Your task is to reproduce the listing exactly, without its images.

Material provided:
■ ■ ■ ■

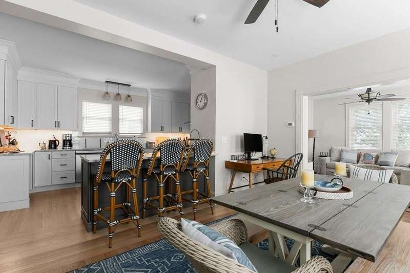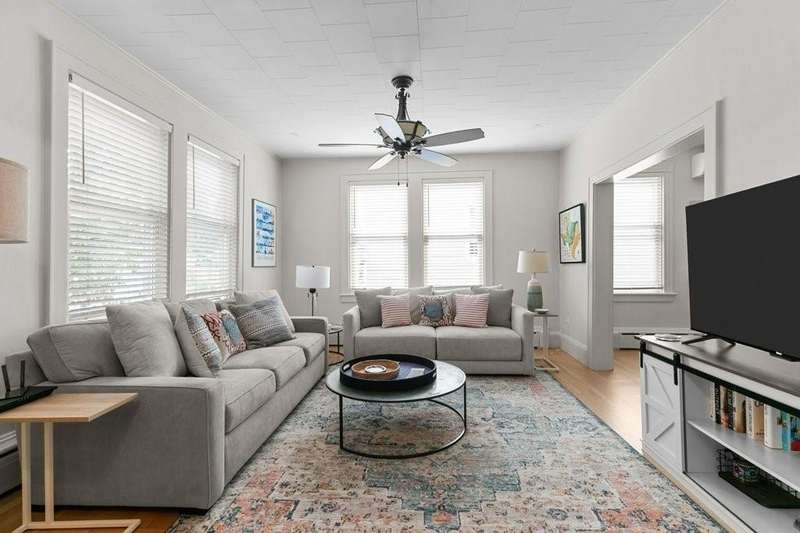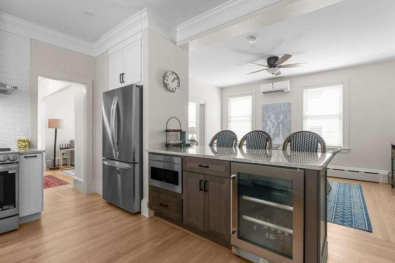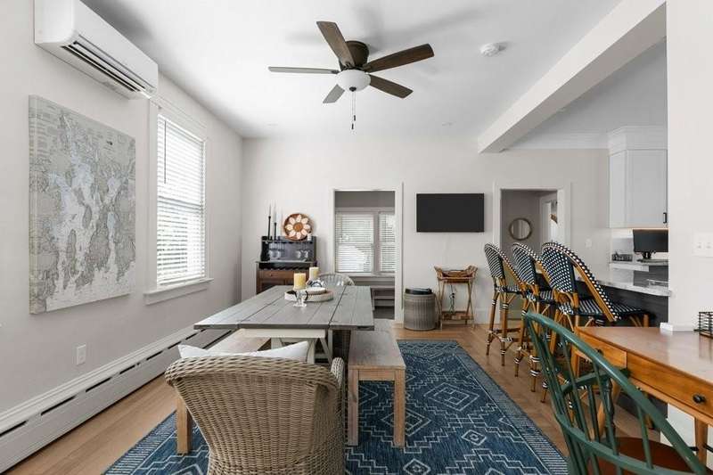 Welcome to this tastefully renovated, lightfilled 3-bedroom, 2.5-bath home located in a quiet, desirable neighborhood close to Broadway and a short bike ride to the beach and downtown Newport. Featuring hardwood floors throughout, the open-concept layout offers a seamless flow from the bright dining area to the high-end modern kitchen, complete with sleek finishes and top-quality appliances. The furnishings are modern and comfortable. Master bedroom with ensuite bath, 2 more bedrooms and the second bath are located on the second floor. The first floor has a well placed minisplit and the second floor has central airconditioning. Additional conveniences include a detached garage and a deck overlooking the yard. Minimalistic in design yet rich in comfort, this home provides a tranquil retreat while keeping you close to everything you need. Sorry, no smoking, a dog may be considered on a case by case basis.
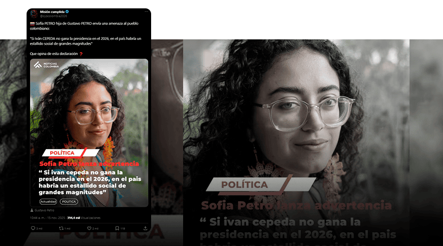 Una imagen de una niña con un mensaje de rechazo a las armas se está difundiendo en redes sociales desde hace dos meses. El senador Roy Barreras la atribuyó a un contexto falso.
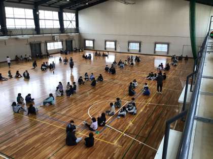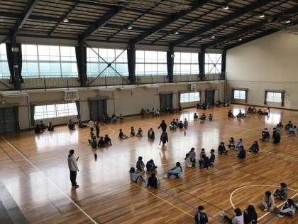 本番に向けて体育館で練習を行いました。いい形で本番を迎えられるよう頑張っています。

■ ■ ■ ■

Task output:
 Welcome to this tastefully renovated, lightfilled 3-bedroom, 2.5-bath home located in a quiet, desirable neighborhood close to Broadway and a short bike ride to the beach and downtown Newport. Featuring hardwood floors throughout, the open-concept layout offers a seamless flow from the bright dining area to the high-end modern kitchen, complete with sleek finishes and top-quality appliances. The furnishings are modern and comfortable. Master bedroom with ensuite bath, 2 more bedrooms and the second bath are located on the second floor. The first floor has a well placed minisplit and the second floor has central airconditioning. Additional conveniences include a detached garage and a deck overlooking the yard. Minimalistic in design yet rich in comfort, this home provides a tranquil retreat while keeping you close to everything you need. Sorry, no smoking, a dog may be considered on a case by case basis.
 Una imagen de una niña con un mensaje de rechazo a las armas se está difundiendo en redes sociales desde hace dos meses. El senador Roy Barreras la atribuyó a un contexto falso.
 本番に向けて体育館で練習を行いました。いい形で本番を迎えられるよう頑張っています。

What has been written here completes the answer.